### Directions for this task:
Your task is to transcribe the entries below exactly, from their first line down to the line containing "В рамках реализации", and to stop there.

....

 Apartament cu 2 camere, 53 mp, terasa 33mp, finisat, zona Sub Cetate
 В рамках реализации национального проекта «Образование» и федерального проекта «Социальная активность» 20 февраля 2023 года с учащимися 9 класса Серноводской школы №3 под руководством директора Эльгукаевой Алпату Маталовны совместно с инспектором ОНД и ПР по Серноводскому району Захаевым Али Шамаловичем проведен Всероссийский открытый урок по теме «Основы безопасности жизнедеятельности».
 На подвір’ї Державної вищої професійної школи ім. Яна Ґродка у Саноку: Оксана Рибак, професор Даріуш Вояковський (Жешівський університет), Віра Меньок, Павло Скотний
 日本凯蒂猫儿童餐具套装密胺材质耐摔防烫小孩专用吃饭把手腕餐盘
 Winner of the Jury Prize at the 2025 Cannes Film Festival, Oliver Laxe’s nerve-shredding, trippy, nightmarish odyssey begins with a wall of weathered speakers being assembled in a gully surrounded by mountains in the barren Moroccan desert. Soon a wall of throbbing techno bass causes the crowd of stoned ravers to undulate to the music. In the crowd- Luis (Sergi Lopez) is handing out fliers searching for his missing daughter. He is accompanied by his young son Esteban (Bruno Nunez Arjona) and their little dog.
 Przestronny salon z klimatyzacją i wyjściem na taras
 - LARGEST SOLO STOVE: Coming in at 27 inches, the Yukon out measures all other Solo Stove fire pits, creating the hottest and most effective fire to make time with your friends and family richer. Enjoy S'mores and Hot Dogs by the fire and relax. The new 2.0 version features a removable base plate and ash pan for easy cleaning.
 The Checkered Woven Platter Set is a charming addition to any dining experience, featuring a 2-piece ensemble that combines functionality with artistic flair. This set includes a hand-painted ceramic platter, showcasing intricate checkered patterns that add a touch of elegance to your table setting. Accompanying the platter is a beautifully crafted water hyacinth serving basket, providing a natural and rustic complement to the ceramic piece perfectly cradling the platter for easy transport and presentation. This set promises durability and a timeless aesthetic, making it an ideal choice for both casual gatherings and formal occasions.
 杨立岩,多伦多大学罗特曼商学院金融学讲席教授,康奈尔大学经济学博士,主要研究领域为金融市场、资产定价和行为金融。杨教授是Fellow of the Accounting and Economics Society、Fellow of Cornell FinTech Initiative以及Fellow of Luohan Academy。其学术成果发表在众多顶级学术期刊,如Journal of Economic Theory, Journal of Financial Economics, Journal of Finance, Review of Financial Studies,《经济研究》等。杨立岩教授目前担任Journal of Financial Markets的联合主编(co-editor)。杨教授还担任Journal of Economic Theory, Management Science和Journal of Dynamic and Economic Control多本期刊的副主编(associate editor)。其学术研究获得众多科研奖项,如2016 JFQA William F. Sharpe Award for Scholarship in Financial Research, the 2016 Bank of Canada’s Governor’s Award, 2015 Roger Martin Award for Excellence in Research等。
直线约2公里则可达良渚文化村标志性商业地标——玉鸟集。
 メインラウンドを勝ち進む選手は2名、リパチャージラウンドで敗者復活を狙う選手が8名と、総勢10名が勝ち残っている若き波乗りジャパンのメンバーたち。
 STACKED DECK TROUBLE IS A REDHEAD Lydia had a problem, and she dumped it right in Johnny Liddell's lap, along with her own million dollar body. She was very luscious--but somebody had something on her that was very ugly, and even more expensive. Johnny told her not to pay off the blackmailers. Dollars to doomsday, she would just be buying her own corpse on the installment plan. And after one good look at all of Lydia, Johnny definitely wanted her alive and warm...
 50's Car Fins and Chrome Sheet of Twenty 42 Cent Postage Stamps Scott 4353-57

....

### Solved exercise:
 Apartament cu 2 camere, 53 mp, terasa 33mp, finisat, zona Sub Cetate
 В рамках реализации национального проекта «Образование» и федерального проекта «Социальная активность» 20 февраля 2023 года с учащимися 9 класса Серноводской школы №3 под руководством директора Эльгукаевой Алпату Маталовны совместно с инспектором ОНД и ПР по Серноводскому району Захаевым Али Шамаловичем проведен Всероссийский открытый урок по теме «Основы безопасности жизнедеятельности».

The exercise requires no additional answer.